Fred D. Lublin, MD




  

Fred D. Lublin, MD

Saunders Family Professor of Neurology
Corinne Goldsmith Dickinson Center for Multiple Sclerosis
Mount Sinai Medical Center
New York, New York

 
Disclosure Information:

Sources of Funding for Research: Acorda Therapeutics, Inc.; Biogen Idec; Genentech, Inc.; Novartis Pharmaceuticals Corp; Teva Neuroscience, Inc.
Consulting Agreements: Bayer HealthCare Pharmaceuticals; Biogen Idec; BioMS Medical Corp.; EMD Serono, Inc.; Genentech, Inc.; Medarex, Inc.; Novartis Pharmaceuticals Corp; Pfizer Inc; Teva Neuroscience, Inc.
Speakers’ Bureau/Honorarium Agreements: Bayer HealthCare Pharmaceuticals; EMD Serono, Inc.; Pfizer Inc; Teva Neuroscience, Inc.
Current Financial Interests/Stock Ownership: Cognition Therapeutics, Inc.
Discussion of Off-Label, Investigational, or Experimental Drug Use: None

Biography

Fred D. Lublin, MD, is the Saunders Family Professor of Neurology at Mount Sinai School of Medicine, New York, and Director of the Corinne Goldsmith Dickinson Center for Multiple Sclerosis at that institution. Dr. Lublin received his medical degree in 1972 from Jefferson Medical College, Philadelphia. He completed his internship in internal medicine at the Bronx Municipal Hospital, Albert Einstein Medical Center, and his residency at the New York Hospital, Cornell Medical Center.
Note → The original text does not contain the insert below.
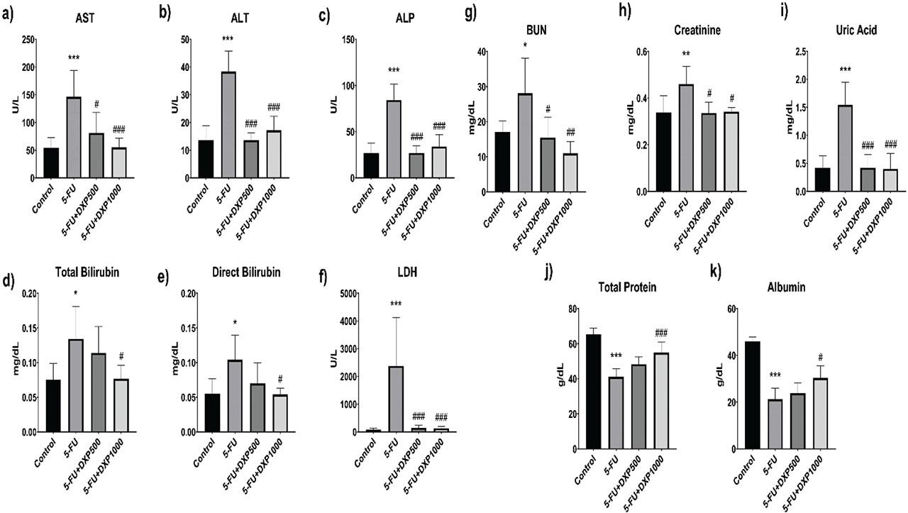Liver and renal biochemical analysis results. AST (a), ALT (b), ALP (c), total bilirubin (d), direct bilirubin (e), LDH (f), BUN (g), creatinine (h), uric acid (i), total protein (j), and albumin (k) level changes in groups. *P < 0.05, **P < 0.01, and ***P < 0.001 are significant 5-FU group compared with the control group; #P < 0.05, ##P < 0.01, and ###P < 0.001 are significant 5-FU+DXP500 and 5-FU+DXP1000 groups compared with 5-FU group according to one-way ANOVA post hoc Tukey test in Graph Pad Prism 8.0.1 software. 5-FU, 5-fluorouracil; ALP, alkaline phosphatase; ALT, alanine transaminase; AST, aspartate transaminase; BUN, blood urea nitrogen; DXP, dexpanthenol; LDH, lactate dehydrogenase.

As a neuroimmunologist, Dr. Lublin has a special interest in immune functions and abnormalities affecting the nervous system. He has been involved in both basic science and clinical research. He and his colleagues were among the first in the country to study IFN β-1b, which was approved by the Food and Drug Administration (FDA) in 1993 to treat the relapsing-remitting form of MS. He is currently involved with several new clinical research protocols on promising agents for treating various aspects of MS and is the principal investigator and national coordinating investigator for a multicenter National Institutes of Health–sponsored trial of combination therapy in MS. He was chairman of the National MS Society advisory committee on clinical trials of new drugs in multiple sclerosis and the National MS Society’s Research Programs Advisory Committee.
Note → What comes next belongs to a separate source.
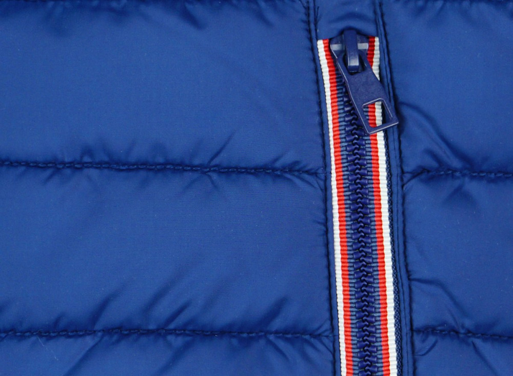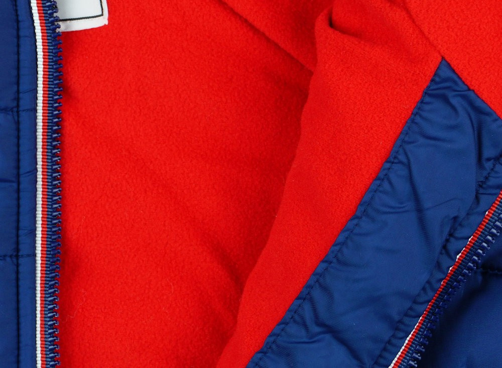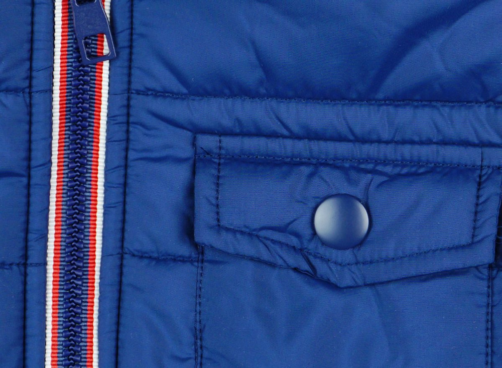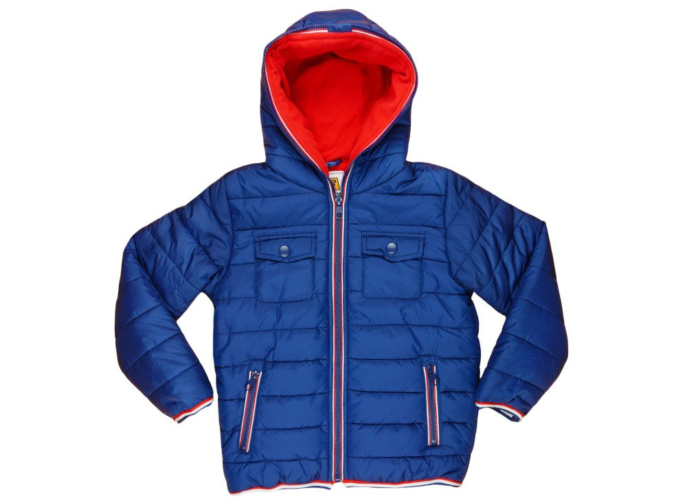Bélelt, kapucnis, az ujjánál passzés, zsebekkel ellátott fiú télikabát

Dr. Lublin and his colleagues at the National MS Society have redefined the clinical course definitions of MS using data from a survey of the international MS community. He has chaired a task force on the ethics of placebo-controlled trials in MS and was a member of the panel that has redefined the diagnostic criteria for MS. Dr. Lublin has published numerous scientific articles and belongs to many professional societies and advisory boards. He has served as a consultant to the National Institutes of Health and to many pharmaceutical/biotech companies in all phases of new drug development and in preparation for presentation to the FDA and its advisory panels.